> **Exercise**: Output each line of the data below exactly, omitting any image.

> **The data**:
Segment Open

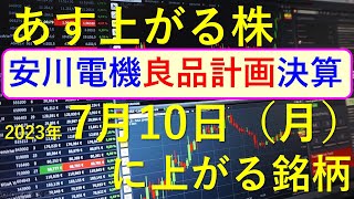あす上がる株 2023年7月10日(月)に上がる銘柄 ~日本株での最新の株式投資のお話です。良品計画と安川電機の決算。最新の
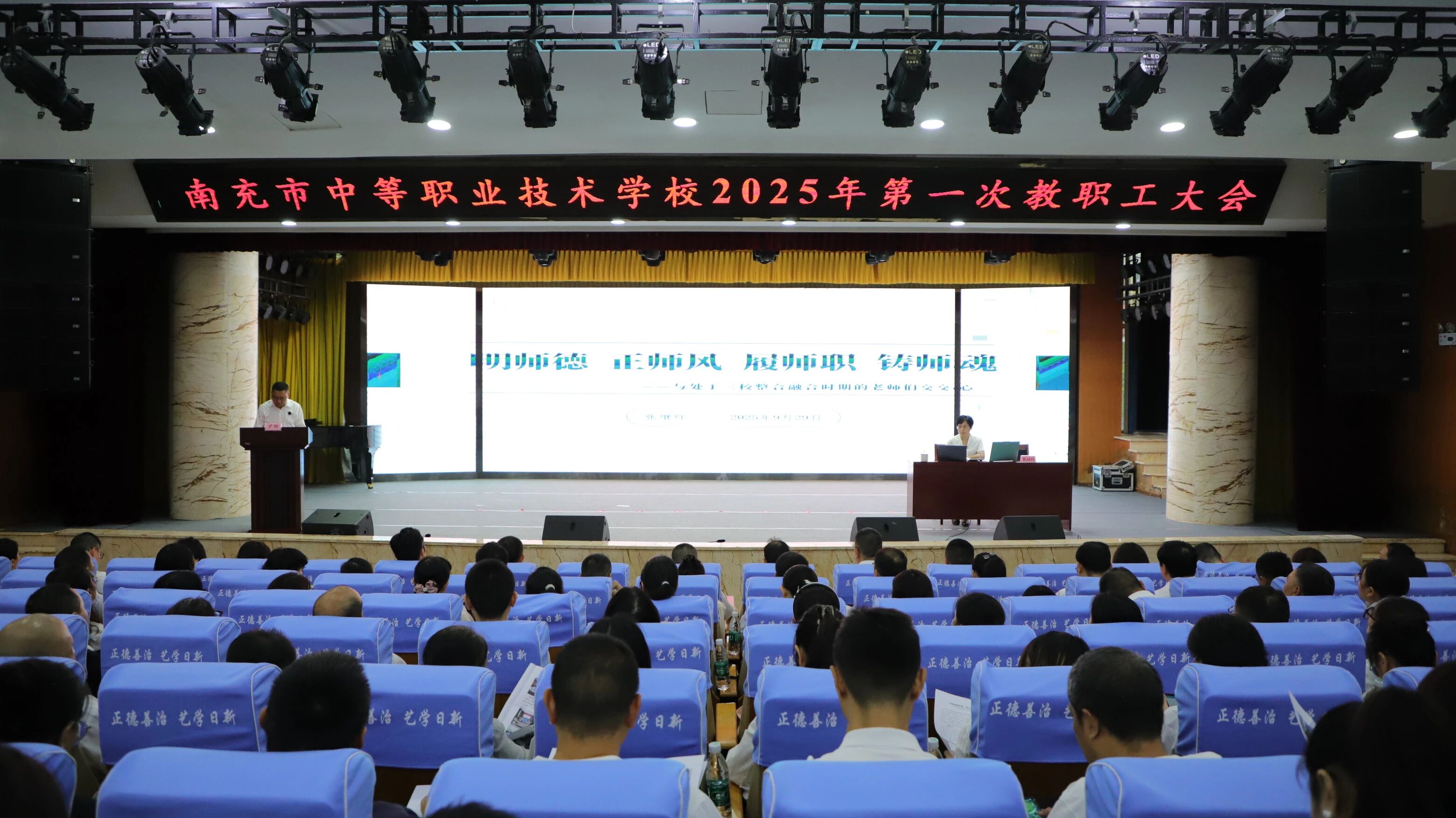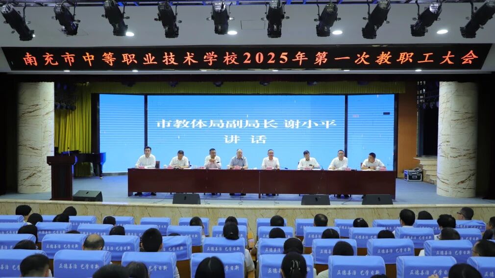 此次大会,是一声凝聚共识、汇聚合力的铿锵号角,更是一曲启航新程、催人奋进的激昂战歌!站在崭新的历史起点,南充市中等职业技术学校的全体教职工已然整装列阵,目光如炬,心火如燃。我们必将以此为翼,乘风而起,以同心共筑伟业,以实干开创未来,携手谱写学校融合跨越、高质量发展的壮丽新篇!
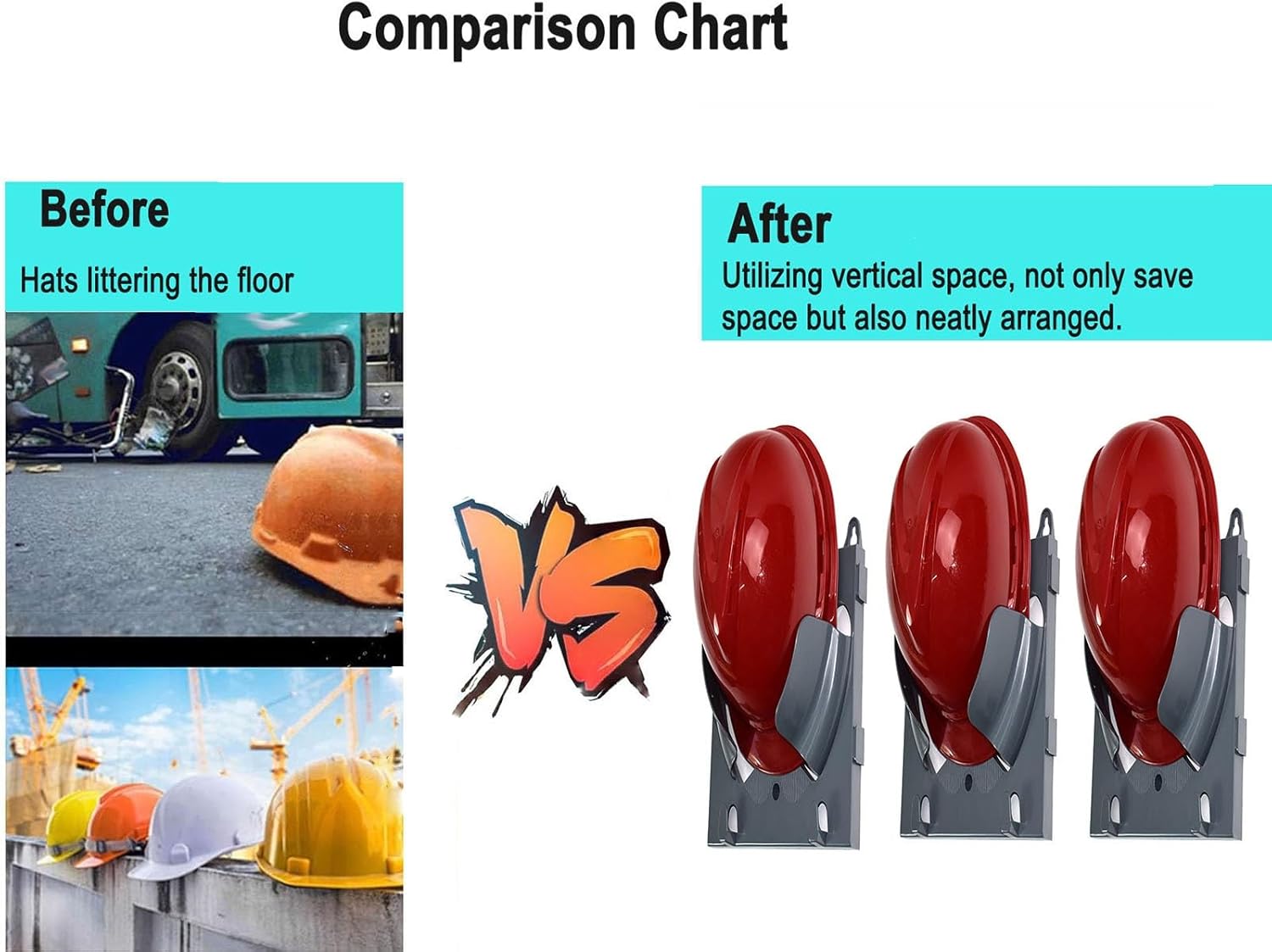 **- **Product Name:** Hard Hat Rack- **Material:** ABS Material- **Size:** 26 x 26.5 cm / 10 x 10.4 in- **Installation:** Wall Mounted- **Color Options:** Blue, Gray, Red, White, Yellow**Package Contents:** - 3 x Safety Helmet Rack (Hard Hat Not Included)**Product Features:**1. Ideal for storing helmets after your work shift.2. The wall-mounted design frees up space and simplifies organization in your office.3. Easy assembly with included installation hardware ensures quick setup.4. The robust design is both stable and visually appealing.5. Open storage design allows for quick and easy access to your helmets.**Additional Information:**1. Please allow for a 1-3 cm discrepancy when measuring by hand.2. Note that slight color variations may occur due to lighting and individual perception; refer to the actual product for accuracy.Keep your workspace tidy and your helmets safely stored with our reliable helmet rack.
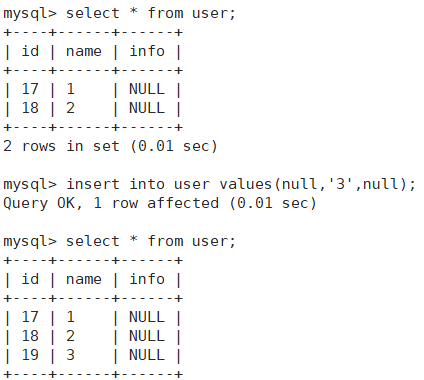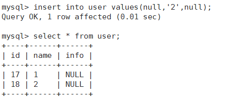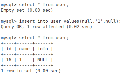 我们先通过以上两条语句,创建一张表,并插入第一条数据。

Segment Closed

> **Final answer**:
あす上がる株 2023年7月10日(月)に上がる銘柄 ~日本株での最新の株式投資のお話です。良品計画と安川電機の決算。最新の
 此次大会,是一声凝聚共识、汇聚合力的铿锵号角,更是一曲启航新程、催人奋进的激昂战歌!站在崭新的历史起点,南充市中等职业技术学校的全体教职工已然整装列阵,目光如炬,心火如燃。我们必将以此为翼,乘风而起,以同心共筑伟业,以实干开创未来,携手谱写学校融合跨越、高质量发展的壮丽新篇!
 **- **Product Name:** Hard Hat Rack- **Material:** ABS Material- **Size:** 26 x 26.5 cm / 10 x 10.4 in- **Installation:** Wall Mounted- **Color Options:** Blue, Gray, Red, White, Yellow**Package Contents:** - 3 x Safety Helmet Rack (Hard Hat Not Included)**Product Features:**1. Ideal for storing helmets after your work shift.2. The wall-mounted design frees up space and simplifies organization in your office.3. Easy assembly with included installation hardware ensures quick setup.4. The robust design is both stable and visually appealing.5. Open storage design allows for quick and easy access to your helmets.**Additional Information:**1. Please allow for a 1-3 cm discrepancy when measuring by hand.2. Note that slight color variations may occur due to lighting and individual perception; refer to the actual product for accuracy.Keep your workspace tidy and your helmets safely stored with our reliable helmet rack.
 我们先通过以上两条语句,创建一张表,并插入第一条数据。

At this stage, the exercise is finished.